Well, here's the kicker. Nothing about rust forces you to use concurrency.
Saying "Concurrency is bad, therefore rust is bad" makes no sense. There is
nothing that forces you to spin off new threads in rust, just as there is
nothing that forces you to spin off new threads in C.

In fact, it is pretty rich complaining about Rust's concurrency story while
praising Go. A HUGE selling point to go was/is goroutines! The language was
even given keywords for making concurrent actions!

------
joshdover
Most of the author's points here derive from the fact that C has been around
for nearly 50 years and Rust a mere 8. This post should really be titled "Rust
is not a good C replacement _right now_".

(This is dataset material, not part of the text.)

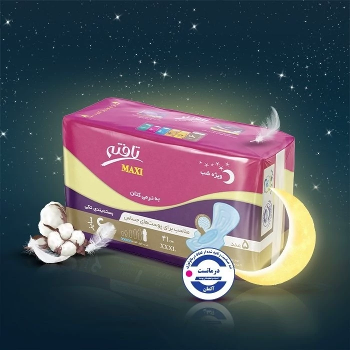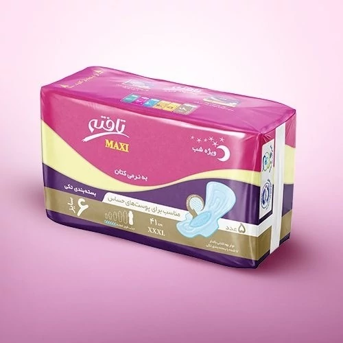 نوار بهداشتی ماکسی مشخصات: طول: 41 سانتیمتر (اندازه 6) ضخامت: نازک جنس رویه: لایه ترکیبی به نرمی کتان (Cotton Like Composite) بسته بندی: پنج عددی در بسته بندیهای تکی سه تا شده داخل پاکت پیشنهاد مصرف: مناسب استفاده در زمان استراحت طراحی: دارای چهار باله و دنباله پهنتر قدرت جذب: فوق العاده پروانه ساخت (غذا و دارو): 47/12086 شماره استاندارد: 8300857712 معرفی نوار بهداشتی ماکسی نوار بهداشتی ماکسی برند تافته نوعی از نوارهای بهداشتی است که برای جذب خونریزی بیشتر طراحی شدهاند. نوار بهداشتی ماکسی بزرگتر از نوار بهداشتیهای معمولی هستند. محصول معرفی شده با چهار بال و طول 41 سانتیمتر (اندازه 6) تولید میشود. این نوار بهداشتی در بستهبندیهای پنج عددی تکی سه تا شده داخل پاکت در بازار عرضه میشود. جنس و طراحی نوار بهداشتی ماکسی تافته نوار بهداشتی ماکسی از یکلایه ترکیبی به نرمی کتان (Cotton Like Composite) تولید شده است. این ویژگی به این محصول لطافت و نرمی بالایی بخشیده و موجب محبوبیت این نوع نوار بهداشتی است. نوار بهداشتی ماکسی دارای سطحی از منسوج نبافته بوده و در ساختار این نوار بهداشتی لایهای مشبک استفاده شده است. لایه مشبک به این محصول قدرت جذب بالا میبخشد و همین امر باعث میشود تا خونریزی به لباس نشت نکند. نوار بهداشتی ماکسی تافته دارای چهار باله و یک دنباله پهن است. اندازه بزرگ این نوار بهداشتی باعث میشود تا لباس و ملحفه از آلودهشدن محافظت شوند و این اطمینان خاطر را برای مصرفکننده به دنبال دارد.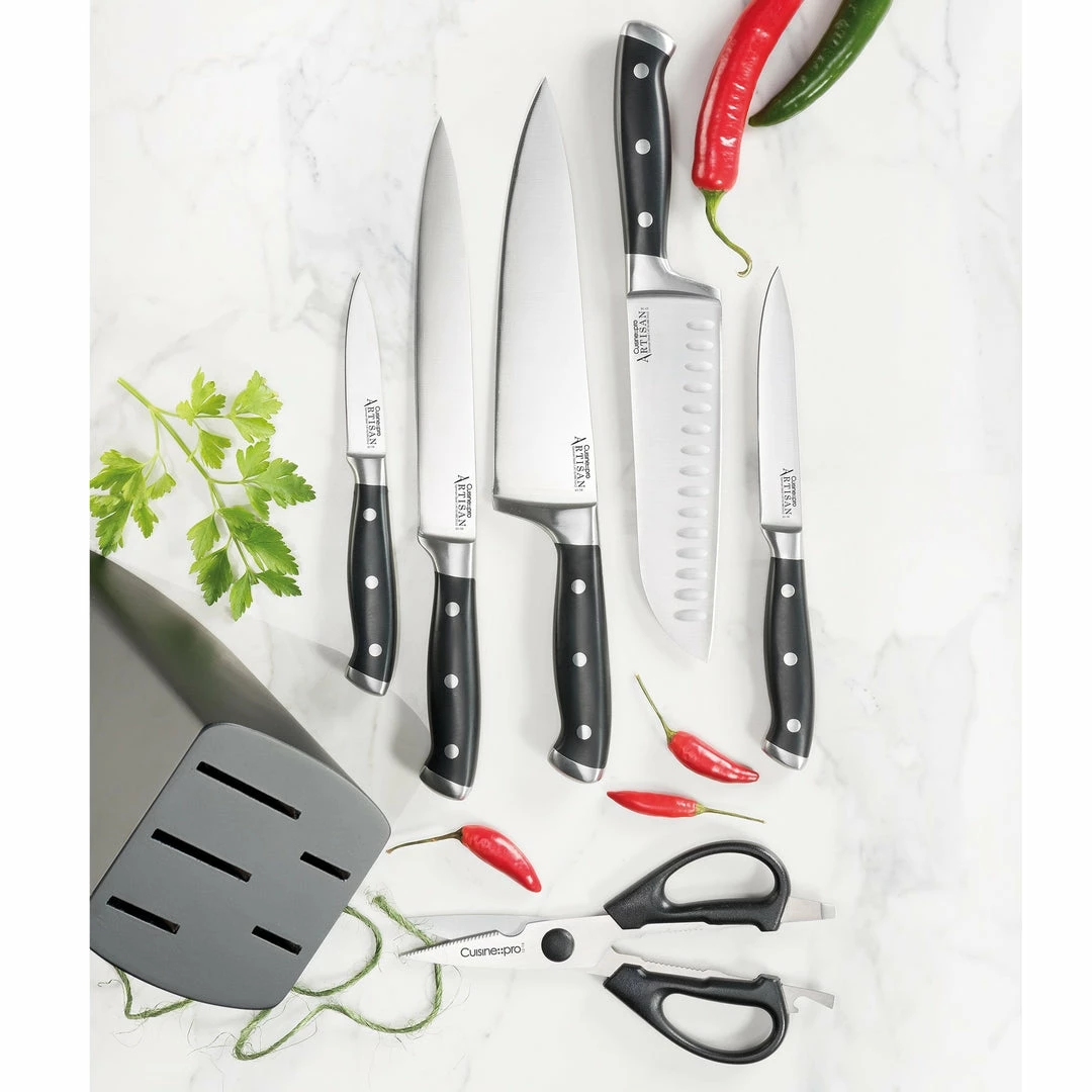ARTISAN™ brings precision and blade-smith perfection to Cuisine – – pro® by THE CUSTOM CHEF™, so now the choice of the great Master Chefs can be yours at home. The Cuisine – – pro® ARTISAN™ knives collection combines all the superb technical characteristics favored by chefs all around the world.

Yes, Rust still has a long way to go to be the right tool for all the things
you can do with C today, but that doesn't make it less. It clearly has
benefits when writing concurrent and safe code. You pay for this with a
learning curve, but the Rust team has been shaving this curve down through
better tooling and documentation for the past few years.

> Yes, Rust is more safe. I don’t really care. In light of all of these
> problems, I’ll take my segfaults and buffer overflows.

I suspect that for the author's work, these things may not matter much. But to
a programmer working on any software where security is paramount (many web
infrastructure pieces), this feature is golden.

I expect that as Rust matures, we'll see a solidified spec, competing
implementations, and expanded build tooling. C has a long head-start, not to
acknowledge that is just wrong.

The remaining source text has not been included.